# WHAT THIS TASK INVOLVES:
Copy out the entries that follow exactly, leaving every picture behind.

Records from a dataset
.....

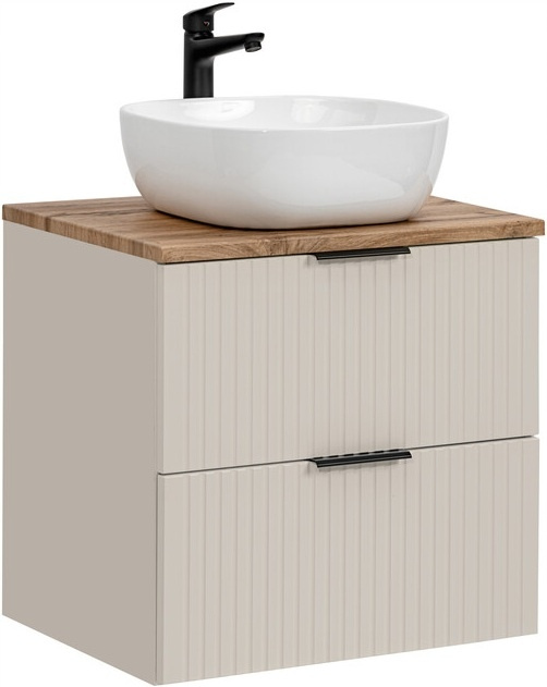 Meble łazienkowe Adel łączą elegancję i funkcjonalność. Pionowe, ryflowane fronty nadają meblom unikalny charakter i optycznie powiększają przestrzeń łazienki, a kaszmirowy kolor dodaje subtelnego ciepła, doskonale komponując się z różnorodnymi aranżacjami wnętrz.
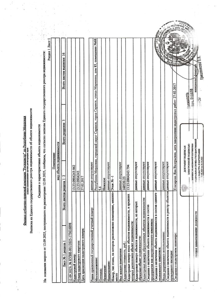 Нежилое помещение общей площадью 5,6 кв.м., кад. 13:23:0904243:862, этаж -1, находящееся в пределах объекта недвижимости с кад. 13:23:0904243:794, принадлежит должнику ООО Специализированный застройщик "Строительно-монтажное управление-33", ИНН 1326208140. Сведениями о фактическом состоянии объекта недвижимости, о задолженности по коммунальным платежам и взносам на капитальный ремонт организатор торгов не располагает. Техническая документация на объект недвижимости и его фотографии отсутствуют у организатора торгов.
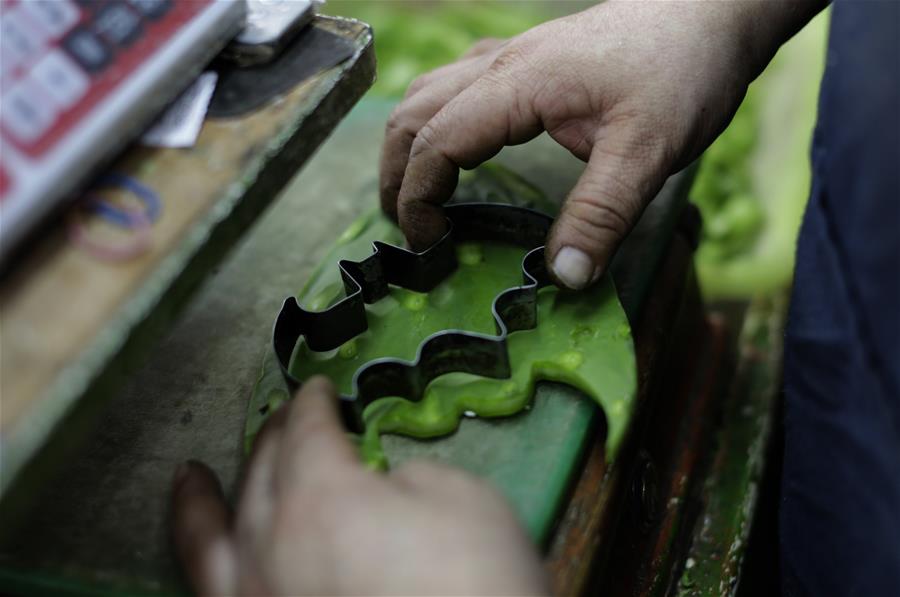 Imagen del 24 de julio de 2019 del comerciante de verduras y legumbres, inventor de los "batinopales", Juan Antonio Aguilar, elaborando un dise?o de nopal con la figura de Batman, durante una preparación de estos nopales en el mercado de La Bola ubicado en la alcaldía Coyoacán, en la Ciudad de México, capital de México. Para atraer a más clientes, Juan Antonio Aguilar, quien desde hace más de 20 a?os se dedica a la venta de verduras y legumbres en su puesto en el mercado de La Bola, tuvo la idea de vender los "batinopales", nopales con la figura de Batman, y otras figuras, que, sin imaginárselo se convertirían en una gran ayuda para que las madres incentiven a sus hijos a comer verduras y legumbres, de acuerdo con información de la prensa local. (Xinhua/Francisco Ca?edo)
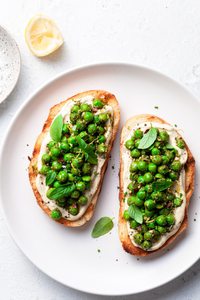 - Spread a thick layer of vegan ricotta on top of each slice of toast. Spoon the peas onto each toast, pressing lightly so that most of the peas stick to the cashew ricotta. Sprinkle with the garnishes if desired. Serve immediately. See Notes below for storing leftovers.
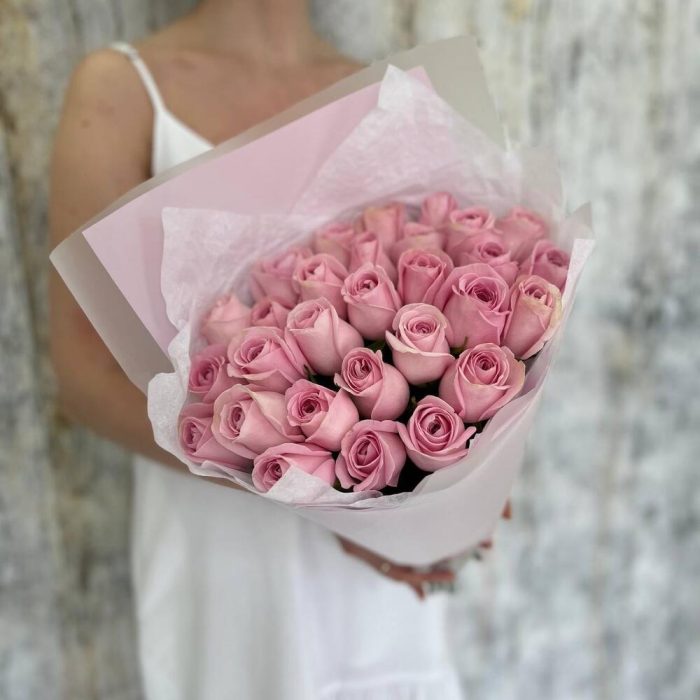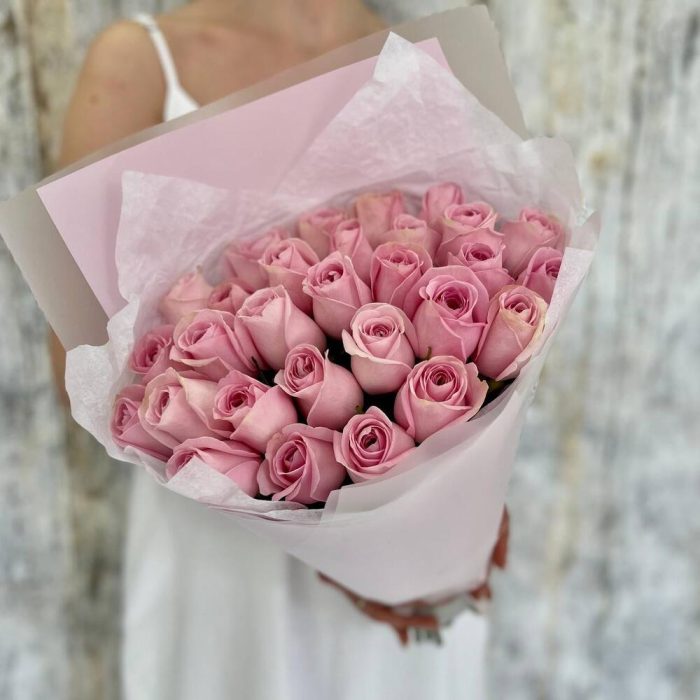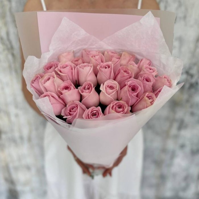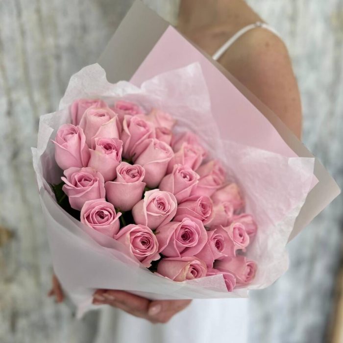Букет из 25 нежно-розовых роз (Кения) 40 см

.....

# EXERCISE RESULT:
 Meble łazienkowe Adel łączą elegancję i funkcjonalność. Pionowe, ryflowane fronty nadają meblom unikalny charakter i optycznie powiększają przestrzeń łazienki, a kaszmirowy kolor dodaje subtelnego ciepła, doskonale komponując się z różnorodnymi aranżacjami wnętrz.
 Нежилое помещение общей площадью 5,6 кв.м., кад. 13:23:0904243:862, этаж -1, находящееся в пределах объекта недвижимости с кад. 13:23:0904243:794, принадлежит должнику ООО Специализированный застройщик "Строительно-монтажное управление-33", ИНН 1326208140. Сведениями о фактическом состоянии объекта недвижимости, о задолженности по коммунальным платежам и взносам на капитальный ремонт организатор торгов не располагает. Техническая документация на объект недвижимости и его фотографии отсутствуют у организатора торгов.
 Imagen del 24 de julio de 2019 del comerciante de verduras y legumbres, inventor de los "batinopales", Juan Antonio Aguilar, elaborando un dise?o de nopal con la figura de Batman, durante una preparación de estos nopales en el mercado de La Bola ubicado en la alcaldía Coyoacán, en la Ciudad de México, capital de México. Para atraer a más clientes, Juan Antonio Aguilar, quien desde hace más de 20 a?os se dedica a la venta de verduras y legumbres en su puesto en el mercado de La Bola, tuvo la idea de vender los "batinopales", nopales con la figura de Batman, y otras figuras, que, sin imaginárselo se convertirían en una gran ayuda para que las madres incentiven a sus hijos a comer verduras y legumbres, de acuerdo con información de la prensa local. (Xinhua/Francisco Ca?edo)
 - Spread a thick layer of vegan ricotta on top of each slice of toast. Spoon the peas onto each toast, pressing lightly so that most of the peas stick to the cashew ricotta. Sprinkle with the garnishes if desired. Serve immediately. See Notes below for storing leftovers.
Букет из 25 нежно-розовых роз (Кения) 40 см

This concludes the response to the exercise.